-- TASK --
Write out the data exactly as given, dropping every picture.

-- DATA --
# # # # # # #
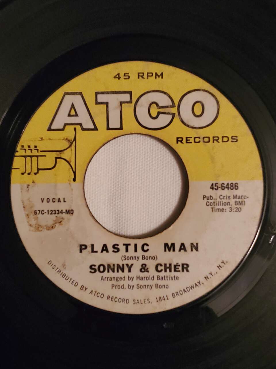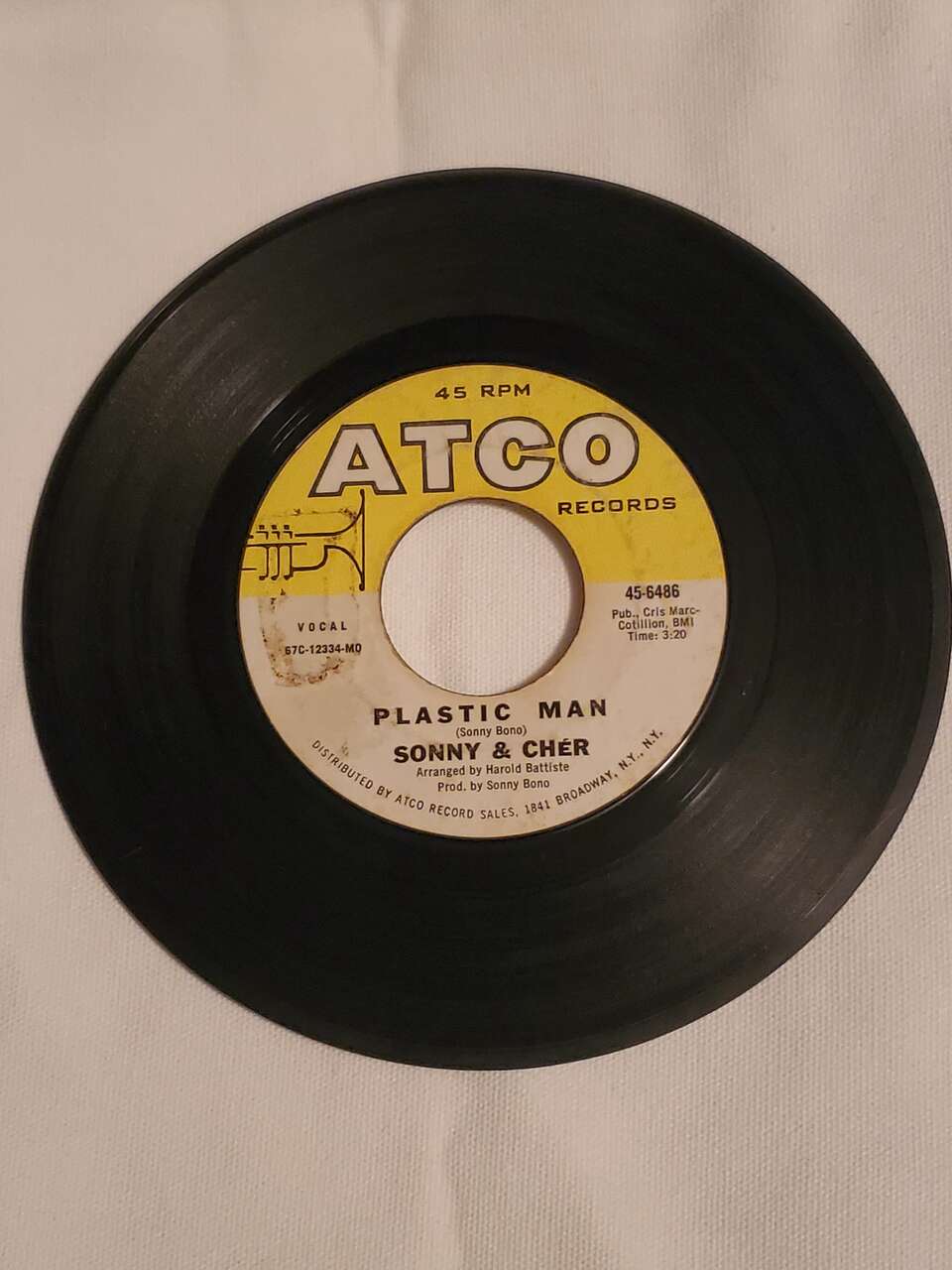 ZelleSonny & Cher-It's The Little Things and Plastice Man 7" Vinyl ATCO Records 45 RPM Vocal 45-6486
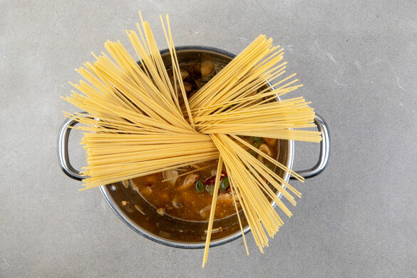2EL Mehl unterrühren und das Fleisch und das Gemüse mit 1,2L heißem Wasser ablöschen. Das Brühgewürz unterrühren und alles einmal aufkochen lassen, dann die Pasta dazugeben, gründlich umrühren und abgedeckt 10–15Min. köcheln lassen. Zwischendurch immer mal umrühren, damit nichts am Boden anbrennt, und nach Bedarf etwas mehr Wasser hinzugeben.
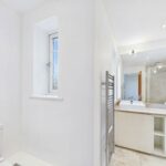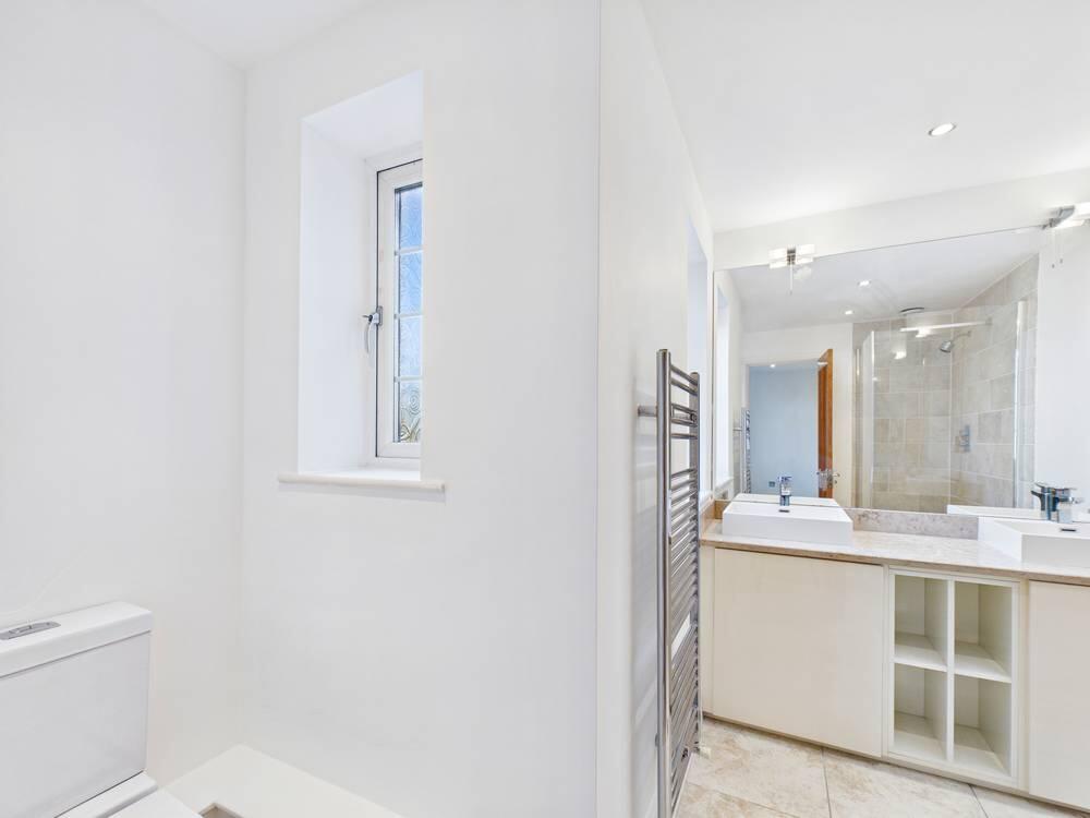 A suite comprising of a double walk-in shower cubicle and complimentary tiling to the walls, low-level flush w/c and twin his and her sinks with chrome mixer taps and storage underneath. A full length and width wall mounted mirror with feature lighting above. Shaving sockets, a chrome heater towel radiator and tiling to the floor. UPVC double glazed window.
# # # # # # #
-- TASK ANSWER --
 ZelleSonny & Cher-It's The Little Things and Plastice Man 7" Vinyl ATCO Records 45 RPM Vocal 45-6486
2EL Mehl unterrühren und das Fleisch und das Gemüse mit 1,2L heißem Wasser ablöschen. Das Brühgewürz unterrühren und alles einmal aufkochen lassen, dann die Pasta dazugeben, gründlich umrühren und abgedeckt 10–15Min. köcheln lassen. Zwischendurch immer mal umrühren, damit nichts am Boden anbrennt, und nach Bedarf etwas mehr Wasser hinzugeben.
 A suite comprising of a double walk-in shower cubicle and complimentary tiling to the walls, low-level flush w/c and twin his and her sinks with chrome mixer taps and storage underneath. A full length and width wall mounted mirror with feature lighting above. Shaving sockets, a chrome heater towel radiator and tiling to the floor. UPVC double glazed window.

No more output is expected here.